The 8th Minnesota had been raised by the Governor of Minnesota Alexander Ramsey in response to the Dakota War of 1862, the regiment was raised in order to take part in a punitive campaign against the Dakota people under General Alfred Sully. The 8th Minnesota Infantry Regiment was mustered into Federal service at Fort Snelling from June 2 to September 1, 1862. From November 17, 1862, until November 23, 1862, Thomas briefly commanded the 3rd District of the Department of the Northwest headquartered at Fort Ripley under the command of Major General John Pope. From August 1862 until November 1864 the regiment was posted at various forts across Minnesota on frontier duty.

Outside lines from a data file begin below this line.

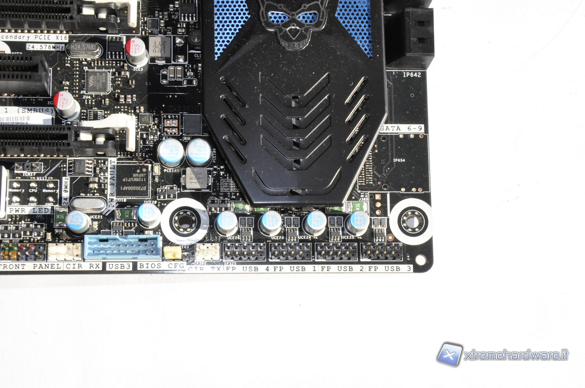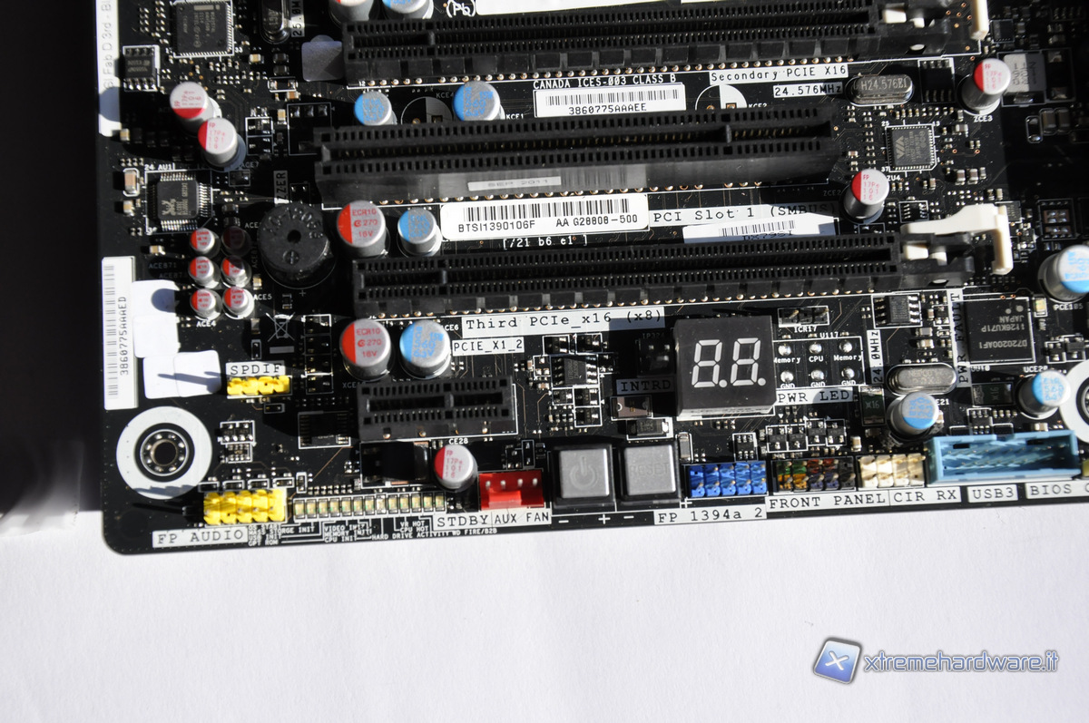 Come header interni abbiamo 4 coppie di USB 2.0, una coppia di USB 3.0 supportate dal controller NEC D720200AFI, porta 1394 e connettori audio. In questa zona notiamo anche due pulsanti onboard di power e reset e un display per il debug.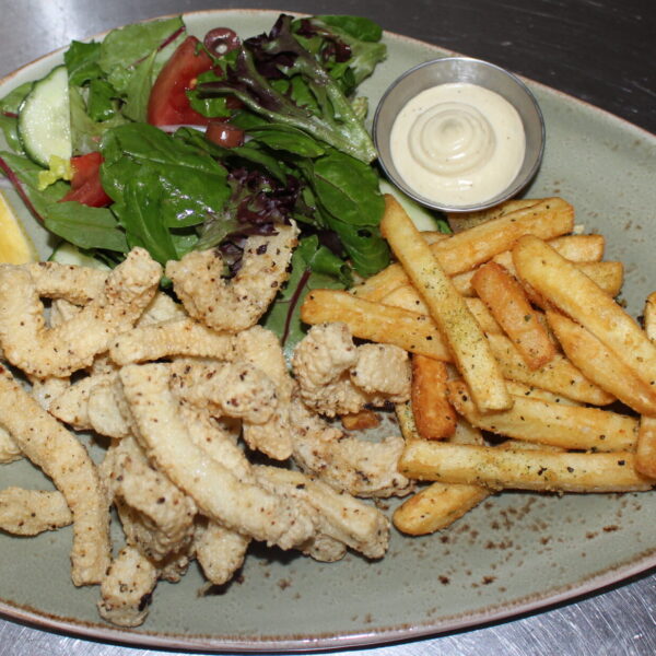 Lemon Pepper Calamari $24.90 Dusted with Polenta Flour Mix. Served with Chips and Salad Category: Mains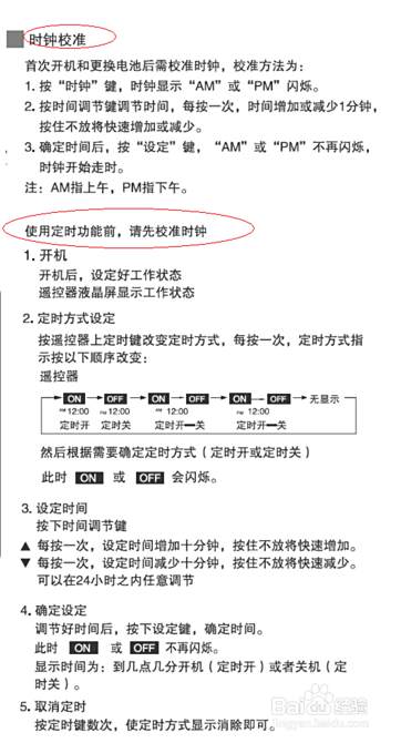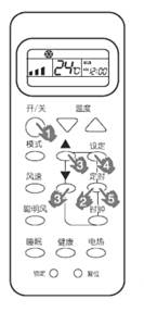 定时功能的设置:按定时开/关按键,遥控器显示ON/OFF,每按一次,时间变化。

The 8th Minnesota would take part in Sully's Expedition during the summer of 1864 where it would fight at the Battle of Killdeer Mountain and the Battle of the Badlands. During Sully's Expedition in 1864 Thomas would command the "Minnesota Brigade", a brigade made up of entirely Minnesota volunteers from the 2nd Minnesota Cavalry Regiment, the 3rd Minnesota Light Artillery Battery, and the 8th Minnesota Infantry Regiment (mounted on horseback).

=== Brigade Commander ===
The 8th Minnesota would later be re-routed to fight in the Western theater of the American Civil War in the Franklin–Nashville campaign at the Third Battle of Murfreesboro where it would suffer a loss of 13 men killed and 77 wounded in just thirty minutes. Near the end of the war Thomas commanded the 3rd Brigade of the 1st Division of the XXIII Corps under General Thomas H. Ruger which consisted of troops from the 8th Minnesota, the 25th Massachusetts Infantry Regiment, the 174th Ohio Infantry Regiment, and the 178th Ohio Infantry Regiment. Thomas would lead the 8th Minnesota and the 3rd Brigade of the XIII Corps at the Battle of Wyse Fork. Thomas mustered out of service with the rest of the 8th Minnesota on July 11, 1865.

== Postwar and death ==
Following the war Thomas worked as a civil engineer for the Saint Paul and Pacific Railroad, later part of the Great Northern Railway. According to his obituary Thomas also worked as an engineer in Detroit, New Orleans, Texas, and California. Thomas was married to Caroline "Carrie" B. Bolton in 1855. Together they had one daughter, Minnesota "Minnie" B. Thomas. Thomas died on October 2, 1897, in Minneapolis. He is buried in the Galveston Cemetery in Galveston, Indiana.